Ground proximity warning system (GPWS) is a system, carried on many aircraft, specially designed to alert pilots that the aircraft is in immediate danger of flying into a ground or an obstacle. The Federal Aviation Administration (FAA) define GPES as a type of Terrain awareness warning system (TAWS). GPWS help to reduce the occurrence of controlled flight into terrain (CFIT) accidents. Those accident are usually occurred in condition of poor visibility caused due to fog or rain.

Working Principle of GPWS; 

GPWS is a radar based system. The principle of work is based on continuous wave radar. The GPWS automatically and continuously monitor the clearance of aircraft above the surface.  Continuous wave are transmitted toward ground and the reflected wave are collected by receiver. The time taken for wave to return is measured and it indicates the distance between the aircraft and ground.

The main component of GPWS is computer which collects all the data from radio altimeter and predicts the future terrain features. As the radio altimeter only provide the distance between aircraft and the surface which is directly below the aircraft. The computer has to keep track of future terrain and predict terrain that is directly ahead to aircraft. So this can be archived and done correctly if the height of surface does not change significantly, but the place where there is significant change in heights, then the GPWS may fails and it is also referred as “Blind spot”.
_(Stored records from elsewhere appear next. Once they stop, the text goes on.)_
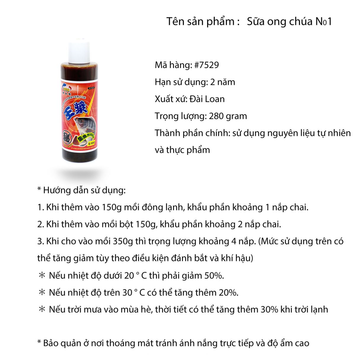 Công dụng: Tăng hương vị và tác dụng của mồi câu cáCách sử dụng: Chỉ cần trộn sản phẩm này với mồi câu cá. 1. Khi cho vào 150g mồi đông lạnh thì lượng khoảng 1 nắp chai. 2. Khi cho vào 150g mồi bột thì lượng khoảng 2 nắp chai. 3. Khi thêm vào 350g mồi thì lượng khoảng 4 nắp chai. (Lượng sử dụng trên có thể tăng hoặc giảm tùy theo điều kiện đánh bắt và khí hậu)*Nếu nhiệt độ dưới 20oC, trọng lượng phải giảm 50%*Nếu nhiệt độ cao hơn 30oC, mức tăng có thể tăng thêm 20%* Nếu trời mưa vào mùa hè hoặc thời tiết mát hơn, mức tăng có thể tăng thêm 30%.Xuất xứ : Đài Loan Trọng lượng : 280 gram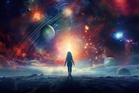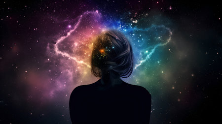 Woman silhouette standing in front of vibrant and colorful abstract space or cosmos background.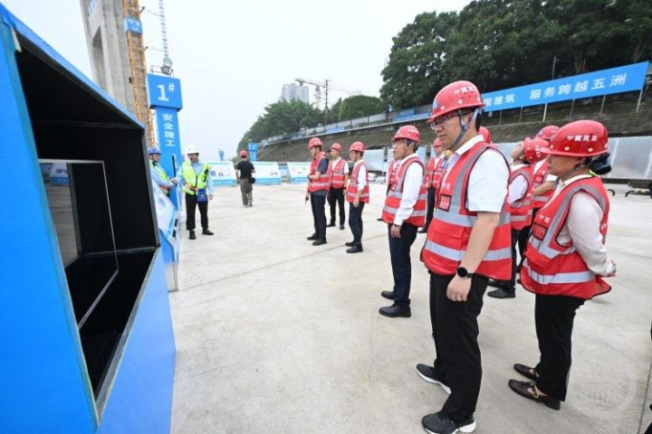 当天,来自全国建筑行业的百余名专家、学者齐聚重庆,实地观摩了江跳线过江段南主塔、南锚碇、几江站(含盾构始发井)和圣泉隧道等关键工点,听取项目设计特色、施工难点以及质量管控、科技应用等方面具体措施。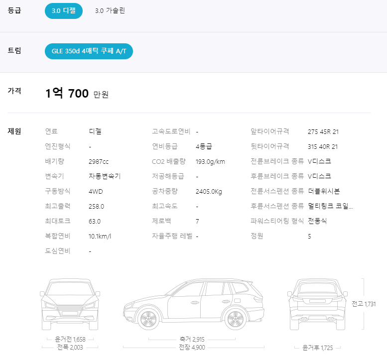 GLE 쿠페 제원 및 옵션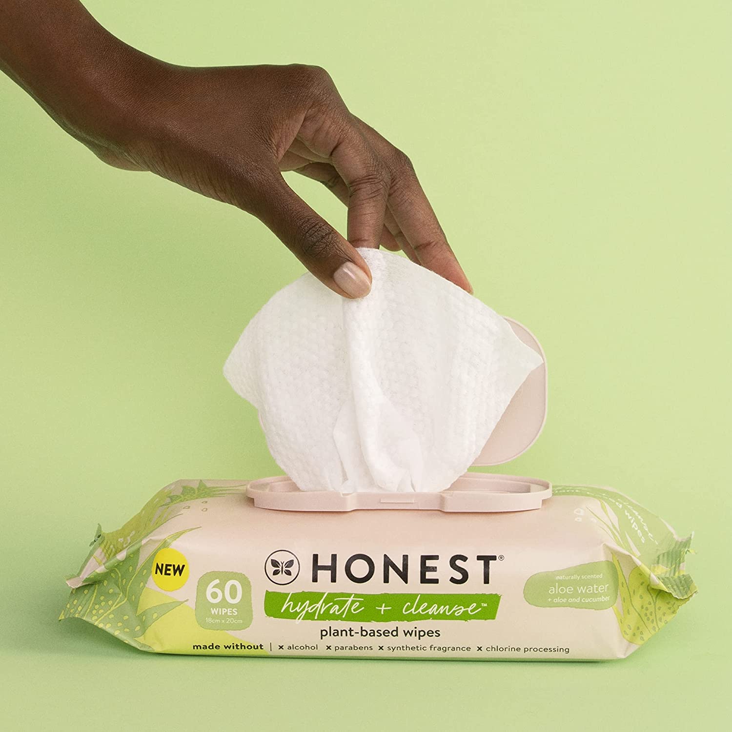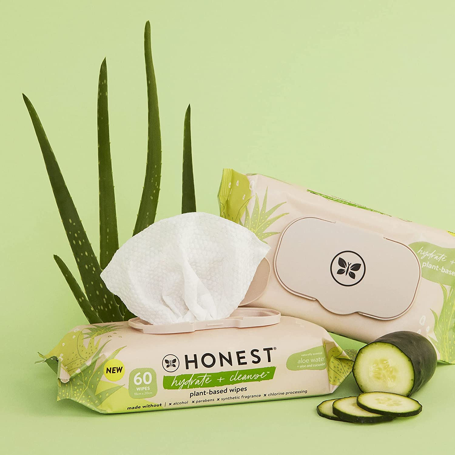 The Honest Company Hydrate + Cleanse Benefit Wipes | Cleansing Multi-Tasking Wipes | 100% Plant-Based, Hypoallergenic | Aloe + Cucumber, 60 Count
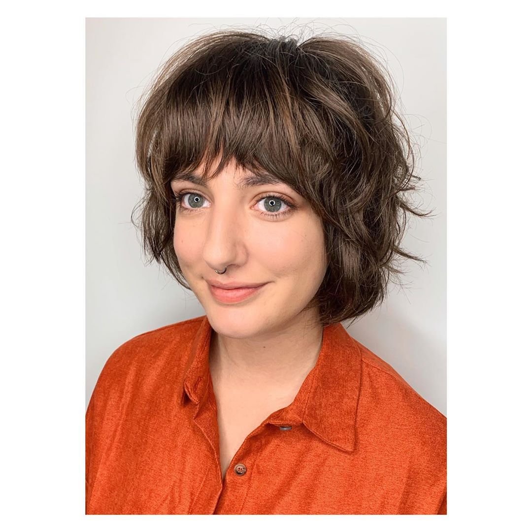 Градуированный Боб на средние волосы с челкой на волнистые волосы

However, the blind spot can be eliminated with the introduction of the Enhanced Ground Proximity System (EGPWS).

Limitations of GPWS

There are still certain limitation of GPWS system that pilot have to use their experience and situation awareness to determine if the warning is real. For example, if the GPWS system is giving false alert or if the pilot is intentionally in that situation, the pilot must then ignore the warning that are given to them. And another limitation of this system is that this system can’t locate the blind spot and fail in that situation.

Conclusion

By introduction of Ground proximity warning system (GPWS), the number accident cause by controlled flight into terrain (CFIT) is significantly reduced. Now a days, Modern system such as Enhanced Ground Proximity Warning System (EGPWS) is provided to modern civil and military aircrafts and able to predict terrain ahead of the aircraft without “blind spot” which was present in first ground proximity warning system. Unfortunately despite advancement in technology and modern equipment, the accidents caused by CFIT still happen. The common reason of CFIT accidents are bad weather, navigation system failure or more often pilot error.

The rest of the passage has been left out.